これら情報に含まれる内容は、「地震発生情報」、「震源情報」、「地震到来予測情報」、「震度予測情報」があり、主要動到着以降の地点については「実況情報」を提供する。なお,地震発生情報は、0次情報の段階でのみ発表する。
2.3.ナウキャスト地震情報の活用にあたって 可能な限り即時的に情報を発信するには、最終的な観測データが揃うまでの間においても、その時点までに観測できた範囲内のデータから逐次情報を作成することとなる。地震発生からの時間経過に伴い地震波の到達範囲が広がることから、地震波を観測しうる観測点数も飛躍的に増加し、ナウキャスト地震情報の精度も向上していく。

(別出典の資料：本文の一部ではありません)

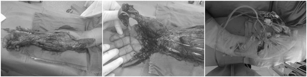 患者生命体征稳定后转至骨二科进行进一步治疗。副主任医师武东升接诊患者,并立刻对伤情进行了处理,在取除敷料后,患者上肢自肘以上5cm以远端皮肤剥脱,直至手掌背部,肌肉组织撕裂成絮状,伤处表面有大量泥沙样异物覆盖,皮肤撕裂呈絮状。拇指表面的软组织剥脱,残余部分指骨,其余手指末梢无血运。患者的手部感觉明显减退,不能活动,肘关节、腕关节亦不能活动。
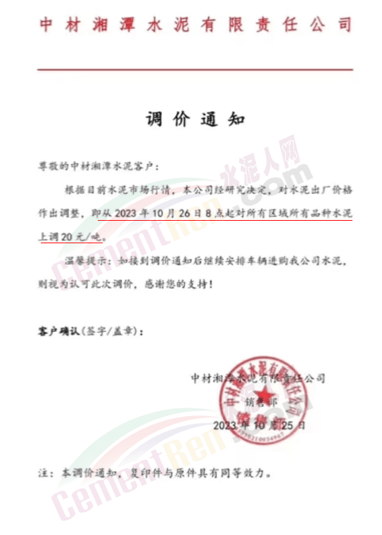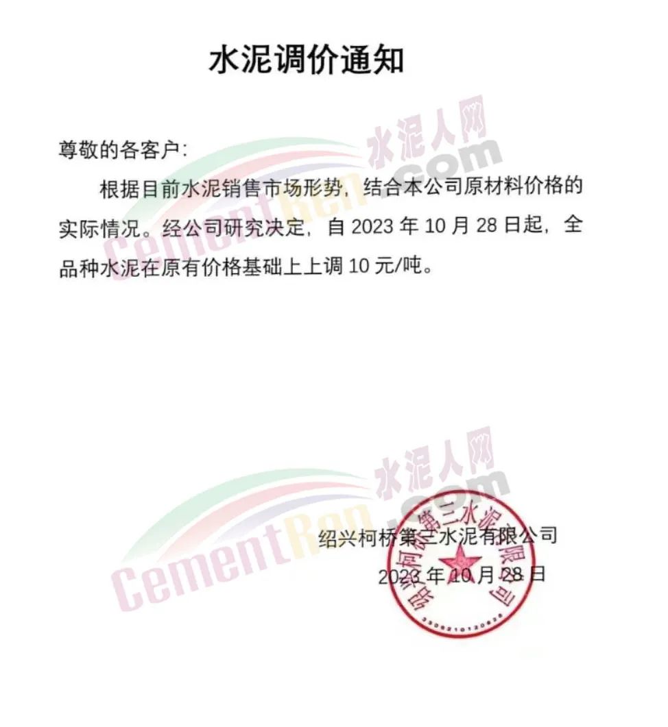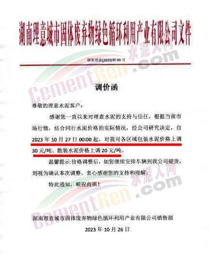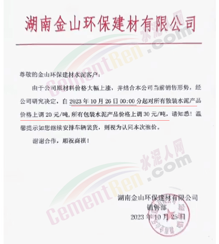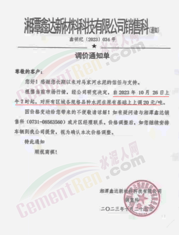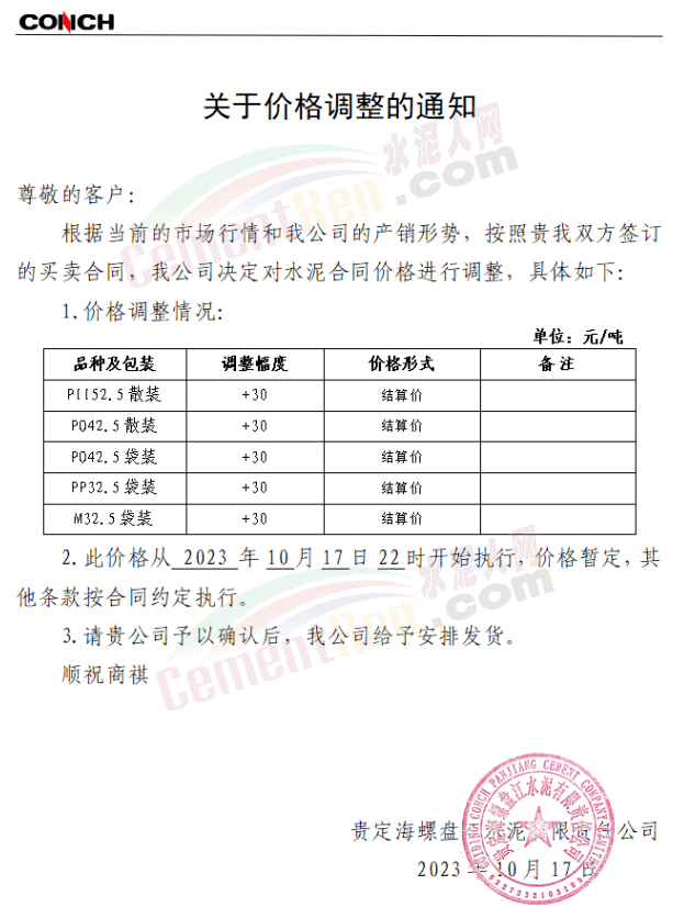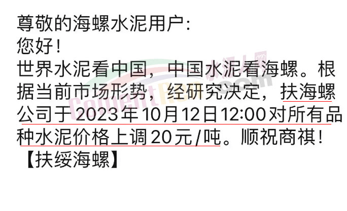 近來受原材料價格上漲和經濟政策的刺激,廣東、湖南、山西、陜西多地包括海螺水泥在內的多家品牌企業通知上調報價。廣東東莞鵬潤建材有限公司通知,根據目前的市場情況,從10月26日8時起公司供應的海螺全品項散裝水泥上調20元/噸。
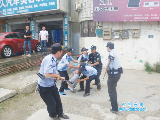 来安县公安局民警迅速赶到,大声呼喝吸引打人男子注意力。打人者被引开之后,一名民警举起警用防暴钢叉,果断将其腿部控制,其他民警迂回包抄把他牢牢按住。随后,行凶男子手中一把20厘米长的水果刀,被民警强行夺下。
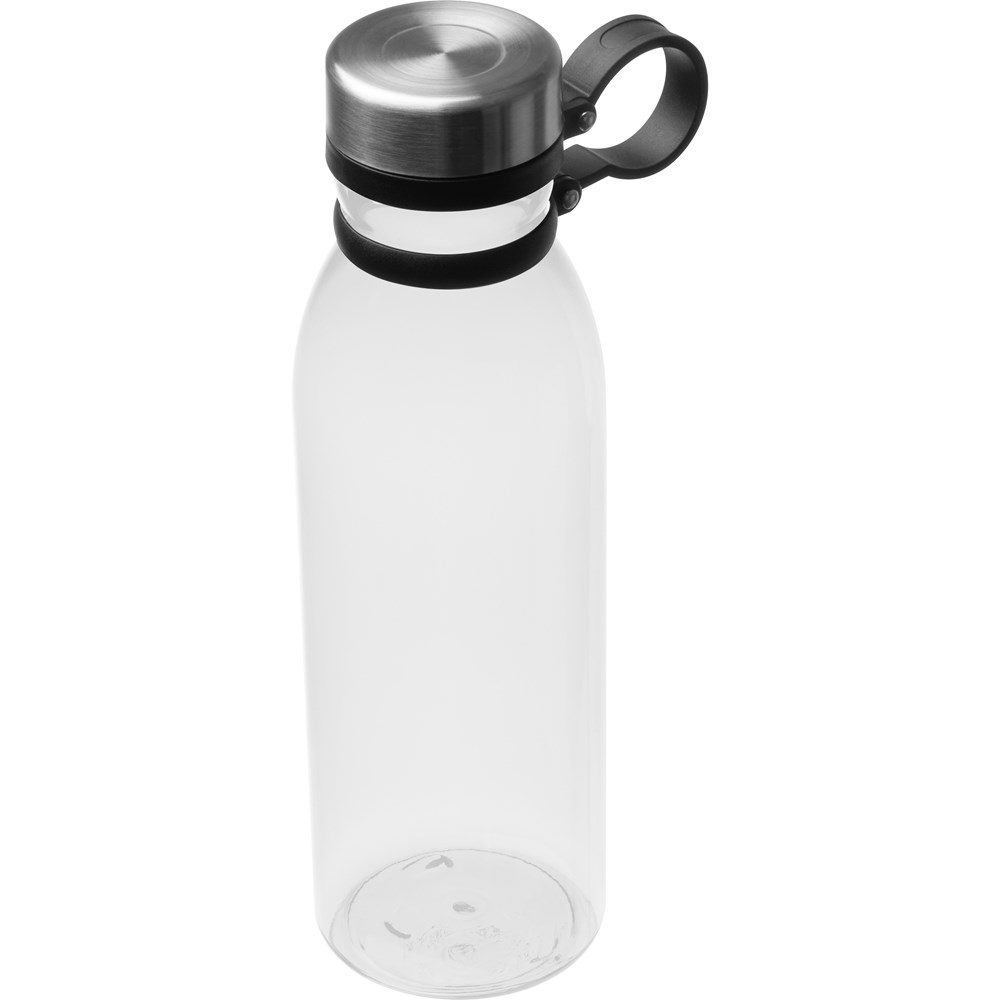 Auslaufsichere Trinkflasche aus PET mit einem Fassungsvolumen von 780 ml. Ihre Werbung drucken wir auf die Flasche. Gravur auf dem Edelstahldeckel auf Anfrage möglich.
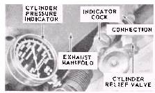 Pressure Indicators In this type of indicator, the cylinder gases enter past a valve into a chamber which leads to a gage. When the pressure above the valve equals that of the cylinder, the valve seats and traps the gas above the valve at its highest pressure, then this pressure is read on the gage. There are several other types of indicators. The one pictured in figure 3-2 is used to take compression readings
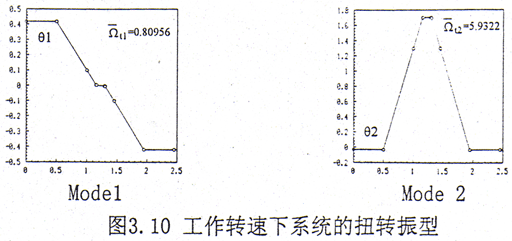 在ka=0.128不計內(nèi)阻尼時,工作轉(zhuǎn)速下系統(tǒng)的前12階彎曲振動復(fù)模態(tài)圖見圖3.9。從復(fù)模態(tài)圖上可以看出,在低階彎曲模態(tài)中,輪齒的變形是較小的,輪齒變形較大主要發(fā)生在高階模態(tài)中。這與實際情況比較接近,因為在實際的轉(zhuǎn)子系統(tǒng)中,輪齒的剛度一般比軸段的剛度要大許多,因此在低階的彎曲模態(tài)中,輪齒的變形體現(xiàn)不出來。系統(tǒng)前2階的扭轉(zhuǎn)振型如圖3.10所示。在前二階扭轉(zhuǎn)振型中輪齒變形也較小。
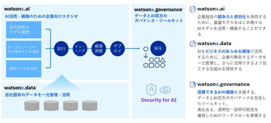 「watsonx」はビジネスに特化したAIとデータのプラットフォームであり、企業がAIモデルの開発、学習、調整、展開を効率的に行えるように設計されています。透明性、責任、ガバナンスを重視した設計により、企業が安心してAIを活用し、持続的なビジネス成長や競争力向上を実現できるよう支援します。
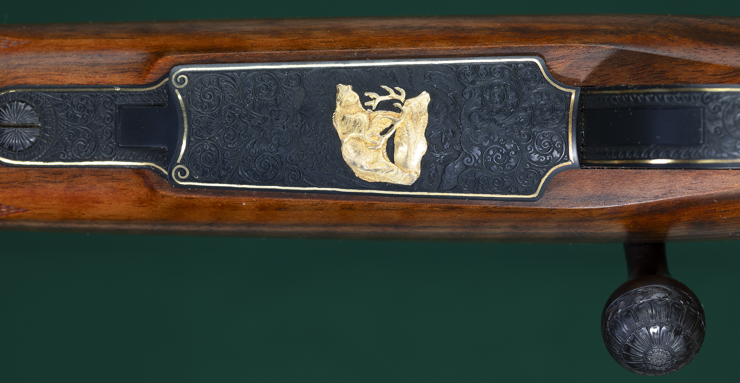 | engraved by Franz Marktl: scroll at muzzle, barrel band, breech, action, |
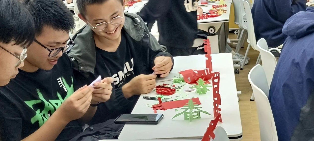 同学们在将纸张剪成不同形状和图案的过程中,需要不断地调整和控制图案的大小和比例关系,在这个过程中可以有效促进他们的视觉认知和空间想象能力。有同学剪出来的作品十分精美,比例协调,有的作品稍微有些不尽人意,还有的同学没有注意细节,导致剪出来的图案跟我们所讲的完全相反,整场活动笑声一片。
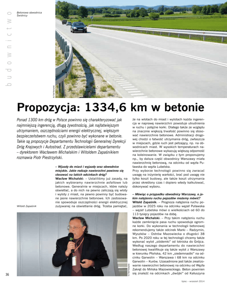fot. Piotr Piestrzyński b u d o w n i c t w o Betonowa obwodnica Świdnicy Propozycja: 1334,6 km w betonie Ponad 1300 km dróg w Polsce powinno się charakteryzować jak najmniejszą ingerencją, długą żywotnością, jak najłatwiejszym utrzymaniem, oszczędnościami energii elektrycznej, większym bezpieczeństwem ruchu, czyli powinno być wykonane w betonie. Takie są propozycje Departamentu Technologii Generalnej Dyrekcji Dróg Krajowych i Autostrad. Z przedstawicielami departamentu – dyrektorem Wacławem Michalskim i Witoldem Zapaśnikiem rozmawia Piotr Piestrzyński. 36 – Wjazdy do miast i wyjazdy oraz obwodnice miejskie. Jakie rodzaje nawierzchni powinno się stosować na takich odcinkach dróg? Wacław Michalski: – Ustaliliśmy już zasady, na jakich wybieramy nawierzchnie asfaltowe lub betonowe. Generalnie w miejscach, które należy oświetlać, a do nich na pewno zaliczają się wloty i wyloty z miast, na pewno powinny być budowane jasne nawierzchnie betonowe. Ich zastosowanie spowoduje oszczędności energii elektrycznej zużywanej na oświetlanie dróg. Trzeba pamiętać, fot. Piotr Piestrzyński Witold Zapaśnik że na wlotach do miast i wylotach każda ingerencja w naprawę nawierzchni powoduje utrudnienia w ruchu i potężne korki. Dlatego także ze względu na znacznie większą trwałość powinno się stosować nawierzchnie betonowe. Administracji drogowej chodzi o łatwość utrzymania dróg, zwłaszcza w miejscach, gdzie ruch jest pełzający, np. na obwodnicach miast. W wysokich temperaturach nawierzchnie betonowe wykazują większą odporność na koleinowanie. W związku z tym proponujemy np., by dalsza część obwodnicy Warszawy miała nawierzchnię betonową, na odcinku od węzła Puławska do węzła Lubelska. Przy wyborze technologii powinno się zwracać uwagę na inżynierię wartości, brać pod uwagę nie tylko koszt budowy, ale także koszt utrzymania przez określony czas i dopiero wtedy kalkulować, dokonywać wyboru. – Mówiąc o przypadku obwodnicy Warszawy, o jakim natężeniu ruchu pojazdów możemy mówić? Witold Zapaśnik: – Prognoza natężenia ruchu pojazdów w 2025 roku na odcinku węzeł Puławska – węzeł Lubelska mówi o wielkościach od 60 do 113 tysięcy pojazdów na dobę. Wacław Michalski: – Przy takim natężeniu ruchu każde zamknięcie pasa ruchu spowoduje ogromne korki. Do wykonania w technologii betonowej rekomendujemy także odcinek Marki – Radzymin, Wyszków – Ostrów Mazowiecka o długości 38 km. Po 2020 roku w tej technologii chcemy także wykonać wylot „siódemki” od lotniska do Grójca. Według naszego departamentu do nawierzchni betonowej kwalifikuje się także wylot z Warszawy w kierunku Płońska, 42 km „siedemnastki” na odcinku Garwolin – Warszawa i 68 km na odcinku Garwolin – Kurów. Uzasadnione jest także zrealizowanie nawierzchni betonowej na odcinku od Węzła Zakręt do Mińska Mazowieckiego. Beton powinien się znaleźć na odcinkach „dwójki” od Kałuszyna lipiec – wrzesień 2014 – Czyli wszystkie argumenty przemawiają za tym, by były to drogi o nawierzchni betonowej? Wacław Michalski: – Tak. Jeszcze Gdańsk – Elbląg i Kraków – Słomniki. Przesądzona jest już budowa nawierzchni betonowej na odcinku autostrady A1 Piotrków – Częstochowa – Pyrzowice. Na północy proponujemy drogę S6 – Słupsk – Koszalin – Goleniów – Wejherowo – o długości 277 km. W województwie kujawsko-pomorskim to połączenie Bydgoszczy z autostradą w Nowych Marzach oraz 53-kilometrowe połączenie Torunia z Bydgoszczą. W dalszej perspektywie proponujemy betonowy odcinek Bydgoszcz – Piła o długości 90 km. Wreszcie zachodnia obwodnica Łodzi, czyli odcinek Łódź – Pabianice – Zgierz. W sumie określiliśmy długość odcinków, na których powinno być jak najmniej ingerencji na 1334,6 km. Drogi te powinny się charakteryzować długą żywotnością, jak najłatwiejszym utrzymaniem, oszczędnościami energii, większym bezpieczeństwem ruchu, czyli powinny być wykonane w betonie. Nasz departament proponuje także rozjaśnianie nawierzchni bitumicznych na obiektach mostowych w ciągach dróg o nawierzchni betonowej. Teraz, jadąc drogą betonową, widzimy szachownicę: jasny ciąg nawierzchni betonowej, ciemna nawierzchnia bitumiczna na obiektach mostowych i znowu jasny ciąg nawierzchni betonowej. Zmiany barwy nawierzchni bitumicznej chcemy dokonać poprzez zastosowanie kruszyw rozjaśniających nawierzchnię. Nawierzchnia betonowa jest także uzasadniona na tych odcinkach dróg, na których jest duży udział ruchu samochodów ciężarowych. Trzeba pamiętać, że destrukcja dróg rozpoczyna się od pasów zewnętrznych – prawych, tych z ruchem pełzającym, gdzie występują duże obciążenia na oś. fot. Piotr Piestrzyński do Siedlec i od Siedlec do Terespola. Nie będzie to autostrada, ale droga ekspresowa. – Panowie, macie propozycje, które chcielibyście wprowadzić w Polsce. A jak z problemem wlotów czy wylotów z miast oraz obwodnic radzą sobie inne kraje? Wacław Michalski: – Każdy kraj ma na to swój sposób. Nawet w USA są stany, w których nawierzchnie betonowe stanowią 98% dróg, np. w Nebrasce, a w innych zaledwie kilka procent. Witold Zapaśnik: – W ubiegłym miesiącu gościła u nas delegacja z Łotwy. Przyjechali, by nauczyć się od nas wykonawstwa nawierzchni betonowych. Spytaliśmy, dlaczego, gdyż my jeszcze uczymy się tej technologii. Odpowiedzieli, że jesteśmy najbliższym sąsiadem, u którego budowa tych dróg jest zaawansowana. Zawieźliśmy ich na odcinek S8 Rzgów – Róża. Pokazaliśmy im także technologię whitetopping na odcinku Wolbórz – Polichno. Jeżeli chodzi o technologię betonową, to mamy już około 700 km dróg krajowych i autostrad. Dlaczego warto budować drogi o nawierzchniach betonowych? nawierzchnie betonowe: 1.większa trwałość (Wydłużony okres pomiędzy remontami) jest przec
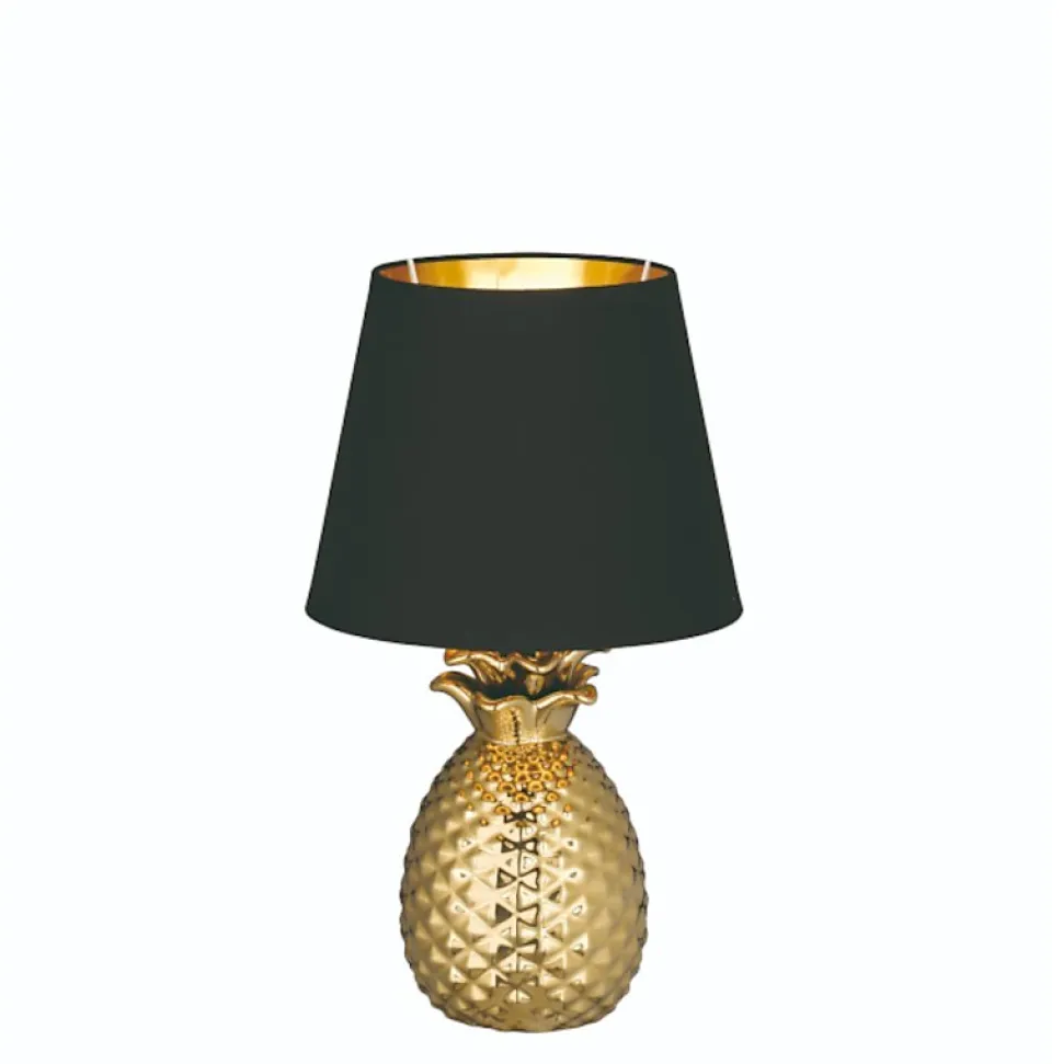 Les caractéristiques techniquesLa lampe de table Led Pineapple est constituée d’un pied en céramique dorée et d’un abat-jour en textile noir.Vous pourrez y adapter une ampoule Led culot E27 d’une puissance maximale de 60 watts pour le grand modèle ou une ampoule Led culot E14 pour le petit modèle. A vous de choisir son intensité et sa température de couleur afin de définir l’ambiance que vous souhaitez.Les avantages esthétiques La lampe à poser Pineapplede Trio a été conçue dans un esprit classique raffiné.Son pied en céramique dorée et son abat-jour en textile noir intérieur doré donneront une touche chaleureuse à votre intérieur.Cette lampe Led a été pensée par les designers de la maison Trio dans un souci d’élégance.Ce luminaire trouvera sa place dans votre salon ou salle à manger. Pineapple existe en deux versions : petit modèle – hauteur 35 cm – culot E14grand modèle – hauteur 43 cm – culot E27

一方、各地域において、主要動カが到達する間での時間と揺れの激しさは、地震の発生した震源の位置からの距離に応じて、単純には比例、反比例の関係にある。このため,激しい揺れに備える必要が高い地域ほど、主要動が到着する直前に対処できる時間は非常に限られたものとなる。(図2)
これらのことから、ナウキャスト地震情報の活用にあたっては、情報の精度と発信される時間タイミング(時間的猶予)及び対応した場合の経済的損失を考慮して、その取り扱いを検討する必要がある。例えば早い段階での対応が重要で且つ、誤って対応しても経済定損失が大きくない場合は、0次情報から利用し,確実な情報でなければ対応した場合の問題が大きな場合は、0次情報は対応の準備を行なうに留め、実際の対応は1次情報から行なう等が考えられる。